Est-ce que tu te mets des barrières, des limites quand tu écris ?

Si j'ai l'impression que j'commence à raconter n'importe quoi, que je sors de moi même et que je commence à être trop dans un personnage, je vais me mettre des frontières. De toutes façons, mes potes vont se moquer de moi et me le dire. J'ai quand même l'impression que ce qui se partage avec le plus grand nombre, c'est ce qu'il y a enfoui au fond de nous même, humanité profonde : nos joies, nos craintes, nos espérances, nos doutes, notre quotidien. Souvent quand j'écoute un titre, je me dis: "Mais ouais! Il a raison ça se passe trop comme ça". En revanche, si le gars me raconte qu'il bicrave 25kg de shit par jour, je ne peux pas savoir de quoi il parle, ça ne résonne pas pour moi, car je n'ai jamais vécu ça. Pour moi si tu veux toucher le plus de monde possible, il faut évoquer ce qu'il y a de plus profondément enfoui en toi. C'est là que se trouve le point commun entre nous tous, au fond de chacun. Après, je comprend que les gens puissent être réfractaire , tout le monde n'a pas envie d'exposer ce qui ne va pas.

 

Autrement dit, ce que nous avons de plus intime, peut aussi être ce qui nous fait le plus peur... La musique n'est elle pas justement un moyen de le sortir de soi, de le cracher, et donc de le sublimer? N'est-ce pas finalement là sa beauté et sa force, qu'elle nous touche?
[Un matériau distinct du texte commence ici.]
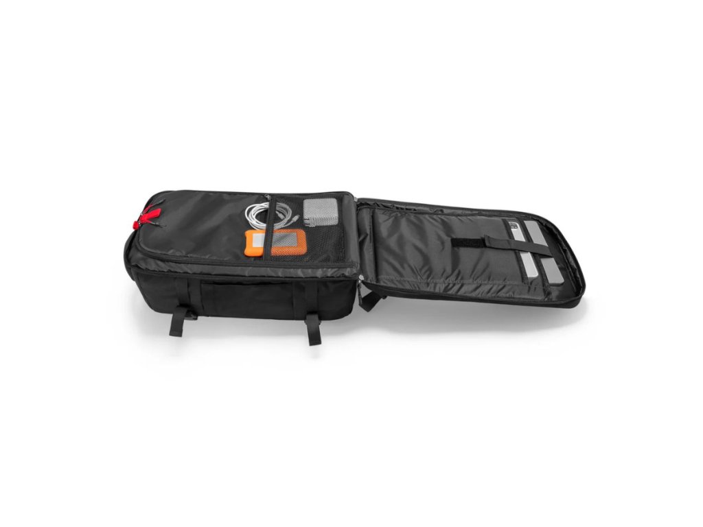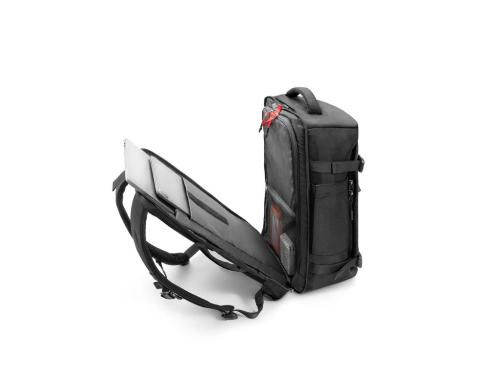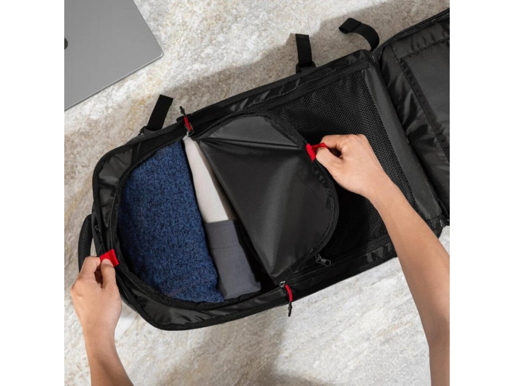 Există un rucsac împărțit în 3 secțiuni - compartiment principal, secțiune pentru accesorii electronice și buzunar frontal. Toate sunt destul de spațioase în sine și vă permit să vă organizați în mod clar articolele depozitate. Am putea eticheta partea din spate ca Departamentul Tehnic. Veți găsi 2 compartimente căptușite pentru o tabletă și un laptop. Există suficient spațiu pentru laptop de 17 inchi. Compartimentele sunt completate de un buzunar din plasă cu fermoar, ideal pentru depozitarea încărcătoarelor, cablurilor sau a unui hub. Această parte a rucsacului este concepută astfel încât să fie posibil deschis la un unghi de 90°-180°. Acest lucru va fi util, de exemplu, la controalele de securitate din aeroport, pentru care vă veți putea pregăti mai repede.Spre compartimentul principal il poti lua din buzunarul din fata cu acces rapid, poate fi si desfacut ca o valiza pentru împachetare și despachetare ușoară. Hainele și articolele de toaletă, cărțile sau un aparat foto își vor găsi locul aici. Nu mai există buzunare sau organizatoare în acest spațiu principal de depozitare - așa că aveți totul la dispoziție pentru trucurile de ambalare economice în practică. Compartimentul frontal al rucsacului poate fi din nou deschis larg la un unghi de până la 180 de grade. Spațiul de depozitare din el este puțin mai modest, dar este dotat cu un alt buzunar plasă cu fermoar pt depozitarea în siguranță a articolelor mai mici.
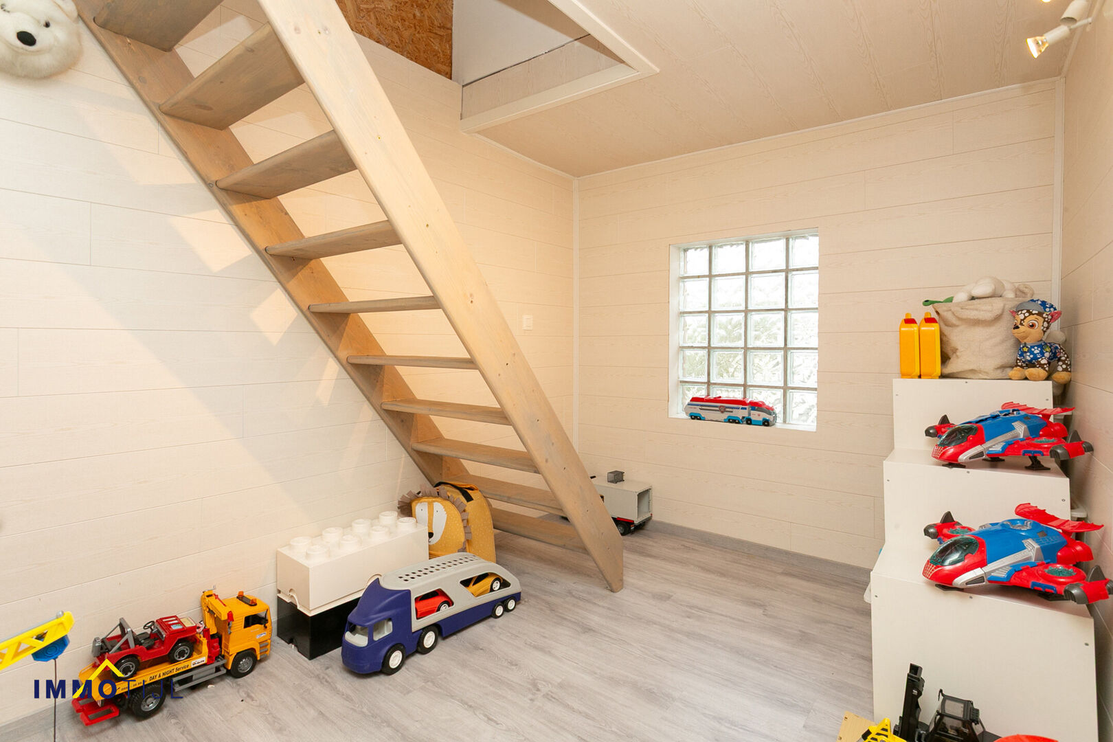 De tussenverdieping is momenteel ingericht als speelruimte voor de kinderen, maar leent zich ook uitstekend als bureau of multifunctionele ruimte. Op de bovenverdieping bevinden zich nog drie volwaardige slaapkamers, wat het totaal op vier slaapkamers brengt, aangevuld met een gezellig zitgedeelte dat kan dienen als leeshoek of ontspanningsruimte.
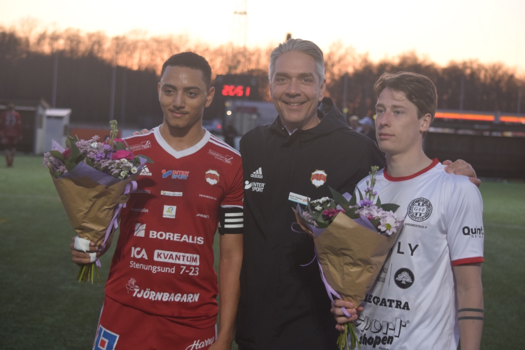 Stenungsund delade ut pris till matchens lirare i resp lag, Stenungsunds Dylan Andersson Fortes och Grebbestads Victor Edvardsson

Tout à fait. Après, il y a aussi la façon de le mettre en avant, la forme qu'on lui donne. Se mettre à nu sans pudeur ne fait pas forcément l'intérêt. C'est toujours délicat de parler de soi. Il faut trouver le juste milieu, le bon ton. Dans quelques morceaux je l'ai fait, mais je suis vigilant à ne pas verser dans le pathos (recherche inopportune d'effets de style dramatique ; propos pleins d'emphase et peu clairs NDLR).